The Partnership Podcast

Church of England services with Sandra Millar and Jim Auld

May 05, 2021 Golden Charter Season 1 Episode 23
The Partnership Podcast
Church of England services with Sandra Millar and Jim Auld
Show Notes Transcript

The Church of England's Head of Life Events, Sandra Millar, joins independent funeral director and past SAIF President Jim Auld to discuss the role of church-led funerals during the pandemic and beyond.

Malcolm Flanders [00:00:04] Welcome to the Partnership Podcast. This time, we're going to hear from two perspectives on the past year's changes in the funeral profession more broadly. I'll be speaking to Sandra Miller, head of life events at the Church of England, about Covid-19, funerals and how independents and the church can work together. We'll also hear from Jim Auld, past SAIF president, about an independent's perspective on that relationship. Church clergy are deeply involved in many funerals and their ties to local communities reflect independent funeral directors. Today we'll look at how both can work together for the benefit of those communities. So, Sandra, Jim, welcome to you both, are you well?

Sandra Miller [00:00:52] Yes, good, thank you.

Jim Old [00:00:54] Very well. Apart from, we might need to start this again, I've got a cockerel outside my window that is crowing like anything.

Sandra Miller [00:01:03] We've all got used to these different things, haven't we? It's all become all a bit more human, these things. You know, babies and kittens make appearances, you know.

Malcolm Flanders [00:01:12] Right, Jim, is it sorted?

Jim Auld [00:01:15] That is Fred fed.
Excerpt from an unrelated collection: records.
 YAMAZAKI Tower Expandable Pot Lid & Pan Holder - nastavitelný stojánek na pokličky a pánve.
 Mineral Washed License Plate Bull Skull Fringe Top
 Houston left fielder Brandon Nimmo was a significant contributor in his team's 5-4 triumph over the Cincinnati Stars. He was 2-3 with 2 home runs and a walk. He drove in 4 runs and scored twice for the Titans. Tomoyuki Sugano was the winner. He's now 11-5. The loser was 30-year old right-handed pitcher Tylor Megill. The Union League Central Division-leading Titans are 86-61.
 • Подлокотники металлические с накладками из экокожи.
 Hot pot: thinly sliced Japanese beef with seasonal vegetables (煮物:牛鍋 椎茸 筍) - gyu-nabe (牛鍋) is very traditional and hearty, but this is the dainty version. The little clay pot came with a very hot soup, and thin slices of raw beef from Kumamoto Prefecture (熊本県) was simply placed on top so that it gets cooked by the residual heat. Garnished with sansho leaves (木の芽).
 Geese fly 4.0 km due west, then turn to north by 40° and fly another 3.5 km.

I thought it'll be easier to work in Kilcreggan because it's quieter round there, and of course Fred saw me coming in, and I didn't feed him when I came in and he comes to the window looking.
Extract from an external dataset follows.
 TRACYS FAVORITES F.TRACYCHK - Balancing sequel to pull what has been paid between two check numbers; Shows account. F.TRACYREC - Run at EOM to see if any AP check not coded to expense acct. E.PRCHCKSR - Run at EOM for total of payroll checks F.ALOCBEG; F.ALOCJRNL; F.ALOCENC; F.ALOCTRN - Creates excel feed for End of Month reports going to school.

Sandra Miller [00:01:28] Bless.

Malcolm Flanders [00:01:30] OK, Sandra, perhaps we could just start for the benefit of our listeners, if you wouldn't mind just briefly explaining what your role is with the Church of England.

Sandra Miller [00:01:38] Yes, excellent. I've done particular role for just over eight years now. But behind this role, I'm also an ordained Priest in the Church of England. So I do from time to time, still take funeral services. And over 20 years I've taken, of course, many, many different funeral services as well. But my my particular role now is what I call head of life events. And life events is the way in which the Church of England is there for people in the three big moments in life, which is when a child arrives, when a marriage begins and what we're thinking about, which is when a life ends. And what I try to do really is to help resource, equip, inspire churches to good practise so that those who come to us have the best possible experience they can. And I'm also responsible for some of our communication direct with the public and also for good relationships with other professionals in the in the funeral world.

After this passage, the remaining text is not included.